# Benefits of Garlic



## Tabatha (Dec 29, 2007)

There have been a number of studies conducted on the benefits of garlic given to fish. It was concluded that marine bass injected with garlic had stronger immune systems than those injected with antibiotics (which suppressed the immune system) or antibiotics (streptomycin) and garlic combined (Colorni et al, 1998). Both Kent and Seachem have products containing garlic as an appetite stimulant.

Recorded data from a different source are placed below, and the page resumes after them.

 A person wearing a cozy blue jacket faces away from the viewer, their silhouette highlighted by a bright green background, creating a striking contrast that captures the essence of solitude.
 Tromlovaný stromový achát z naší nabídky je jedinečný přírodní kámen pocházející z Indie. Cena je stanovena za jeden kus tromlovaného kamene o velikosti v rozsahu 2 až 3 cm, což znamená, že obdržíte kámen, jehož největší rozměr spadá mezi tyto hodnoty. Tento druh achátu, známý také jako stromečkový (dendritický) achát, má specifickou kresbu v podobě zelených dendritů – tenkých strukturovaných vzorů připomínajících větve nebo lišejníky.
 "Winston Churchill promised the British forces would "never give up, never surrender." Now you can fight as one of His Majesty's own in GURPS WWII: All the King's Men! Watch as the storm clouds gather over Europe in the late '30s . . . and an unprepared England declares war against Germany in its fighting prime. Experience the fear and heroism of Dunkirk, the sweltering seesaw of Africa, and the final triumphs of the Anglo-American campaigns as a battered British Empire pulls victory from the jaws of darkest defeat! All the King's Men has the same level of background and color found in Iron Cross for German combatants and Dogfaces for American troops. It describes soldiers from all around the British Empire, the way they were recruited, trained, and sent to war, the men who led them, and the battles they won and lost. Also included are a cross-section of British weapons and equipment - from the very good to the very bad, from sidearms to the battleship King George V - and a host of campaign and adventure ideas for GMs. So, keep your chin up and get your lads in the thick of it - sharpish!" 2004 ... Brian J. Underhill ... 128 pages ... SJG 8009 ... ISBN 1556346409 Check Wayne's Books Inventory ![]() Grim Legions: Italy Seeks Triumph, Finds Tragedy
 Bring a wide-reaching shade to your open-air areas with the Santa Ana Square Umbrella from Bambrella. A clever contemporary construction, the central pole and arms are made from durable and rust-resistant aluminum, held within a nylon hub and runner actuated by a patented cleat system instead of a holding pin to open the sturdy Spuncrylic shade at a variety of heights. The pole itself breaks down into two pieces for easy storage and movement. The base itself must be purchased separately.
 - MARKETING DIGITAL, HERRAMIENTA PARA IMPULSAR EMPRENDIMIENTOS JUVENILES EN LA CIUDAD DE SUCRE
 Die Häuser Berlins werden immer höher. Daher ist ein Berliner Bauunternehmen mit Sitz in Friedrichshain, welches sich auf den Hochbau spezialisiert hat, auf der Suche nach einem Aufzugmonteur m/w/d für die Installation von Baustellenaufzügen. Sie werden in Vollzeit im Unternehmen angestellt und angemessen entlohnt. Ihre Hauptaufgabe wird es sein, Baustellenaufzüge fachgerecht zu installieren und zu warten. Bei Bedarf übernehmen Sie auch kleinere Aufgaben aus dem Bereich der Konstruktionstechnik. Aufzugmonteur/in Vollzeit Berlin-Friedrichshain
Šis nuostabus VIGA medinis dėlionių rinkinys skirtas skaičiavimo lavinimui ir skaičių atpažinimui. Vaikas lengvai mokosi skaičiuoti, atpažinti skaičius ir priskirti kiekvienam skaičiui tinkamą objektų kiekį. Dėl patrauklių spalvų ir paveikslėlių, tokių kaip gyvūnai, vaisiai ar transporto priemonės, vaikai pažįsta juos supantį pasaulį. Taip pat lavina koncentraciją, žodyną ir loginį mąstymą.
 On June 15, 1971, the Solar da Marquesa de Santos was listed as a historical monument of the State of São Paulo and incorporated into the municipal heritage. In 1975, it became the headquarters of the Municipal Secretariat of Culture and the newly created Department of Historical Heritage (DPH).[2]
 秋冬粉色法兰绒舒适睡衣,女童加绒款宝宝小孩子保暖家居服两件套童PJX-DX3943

I am currently mixing a small amount of crushed garlic in with mysis shrimp, daphnia and flake. I'm quite sure my rams (Microgeophagus ramirezi) have internal parasites as their rectums appear to bulge and their feces are large white masses. I also started (Seachem) Sulfathiazole as it was all I had (and could obtain at the time).

Has anyone else tried using garlic for internal parasites? If so, what were your results?


----------



## Zebrapl3co (Mar 29, 2006)

Tabatha said:


> There have been a number of studies conducted on the benefits of garlic given to fish. It was concluded that marine bass injected with garlic had stronger immune systems than those injected with antibiotics (which suppressed the immune system) or antibiotics (streptomycin) and garlic combined (Colorni et al, 1998). Both Kent and Seachem have products containing garlic as an appetite stimulant.
> 
> I am currently mixing a small amount of crushed garlic in with mysis shrimp, daphnia and flake. I'm quite sure my rams (Microgeophagus ramirezi) have internal parasites as their rectums appear to bulge and their feces are large white masses. I also started (Seachem) Sulfathiazole as it was all I had (and could obtain at the time).
> 
> Has anyone else tried using garlic for internal parasites? If so, what were your results?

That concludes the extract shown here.